Saved entries:
━━━━━━━━━━━━━━━━━━━━

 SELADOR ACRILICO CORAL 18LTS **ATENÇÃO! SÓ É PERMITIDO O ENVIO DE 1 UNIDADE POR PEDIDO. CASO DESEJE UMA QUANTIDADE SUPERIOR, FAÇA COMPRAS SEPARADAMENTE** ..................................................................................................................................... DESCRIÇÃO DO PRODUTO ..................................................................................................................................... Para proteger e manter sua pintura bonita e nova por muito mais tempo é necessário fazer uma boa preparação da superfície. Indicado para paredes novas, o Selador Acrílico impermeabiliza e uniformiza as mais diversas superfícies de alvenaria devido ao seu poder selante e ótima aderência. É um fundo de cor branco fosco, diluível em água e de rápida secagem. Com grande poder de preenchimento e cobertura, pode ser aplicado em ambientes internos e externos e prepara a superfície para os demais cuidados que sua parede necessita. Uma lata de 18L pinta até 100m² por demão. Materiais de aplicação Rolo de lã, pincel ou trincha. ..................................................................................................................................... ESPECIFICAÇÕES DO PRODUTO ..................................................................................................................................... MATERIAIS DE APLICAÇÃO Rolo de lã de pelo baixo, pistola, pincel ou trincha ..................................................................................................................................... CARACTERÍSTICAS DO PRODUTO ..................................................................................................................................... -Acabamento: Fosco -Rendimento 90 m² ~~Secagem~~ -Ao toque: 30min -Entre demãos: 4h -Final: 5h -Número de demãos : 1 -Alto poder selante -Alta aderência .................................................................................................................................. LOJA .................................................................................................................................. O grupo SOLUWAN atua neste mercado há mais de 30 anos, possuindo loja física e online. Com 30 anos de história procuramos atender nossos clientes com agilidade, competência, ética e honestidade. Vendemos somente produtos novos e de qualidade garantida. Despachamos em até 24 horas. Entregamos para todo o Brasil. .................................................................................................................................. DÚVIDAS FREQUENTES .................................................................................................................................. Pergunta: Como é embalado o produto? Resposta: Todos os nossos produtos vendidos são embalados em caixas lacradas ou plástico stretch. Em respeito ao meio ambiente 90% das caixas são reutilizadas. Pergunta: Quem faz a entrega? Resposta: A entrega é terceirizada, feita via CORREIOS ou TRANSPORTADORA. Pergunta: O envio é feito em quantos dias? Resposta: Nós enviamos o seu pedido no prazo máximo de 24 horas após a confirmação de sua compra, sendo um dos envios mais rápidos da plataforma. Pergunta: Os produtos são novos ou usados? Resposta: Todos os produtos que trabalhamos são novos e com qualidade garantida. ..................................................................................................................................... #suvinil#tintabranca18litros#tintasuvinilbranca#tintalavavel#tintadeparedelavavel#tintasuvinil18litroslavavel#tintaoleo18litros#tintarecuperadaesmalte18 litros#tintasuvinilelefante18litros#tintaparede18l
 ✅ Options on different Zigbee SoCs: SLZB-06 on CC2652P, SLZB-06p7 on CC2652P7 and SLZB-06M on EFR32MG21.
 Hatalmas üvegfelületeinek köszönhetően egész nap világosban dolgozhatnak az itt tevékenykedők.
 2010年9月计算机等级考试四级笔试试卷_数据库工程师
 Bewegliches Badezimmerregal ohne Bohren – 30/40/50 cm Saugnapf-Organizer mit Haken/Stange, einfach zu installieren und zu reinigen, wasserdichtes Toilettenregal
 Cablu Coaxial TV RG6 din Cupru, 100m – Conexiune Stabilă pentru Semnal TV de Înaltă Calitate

━━━━━━━━━━━━━━━━━━━━

▶ _Aim of the task_: Repeat exactly the lines from the line containing "Hatalmas üvegfelületeinek köszönhetően" through the last line of the records above, including both, and nothing else.

▶ _Written answer_:
 Hatalmas üvegfelületeinek köszönhetően egész nap világosban dolgozhatnak az itt tevékenykedők.
 2010年9月计算机等级考试四级笔试试卷_数据库工程师
 Bewegliches Badezimmerregal ohne Bohren – 30/40/50 cm Saugnapf-Organizer mit Haken/Stange, einfach zu installieren und zu reinigen, wasserdichtes Toilettenregal
 Cablu Coaxial TV RG6 din Cupru, 100m – Conexiune Stabilă pentru Semnal TV de Înaltă Calitate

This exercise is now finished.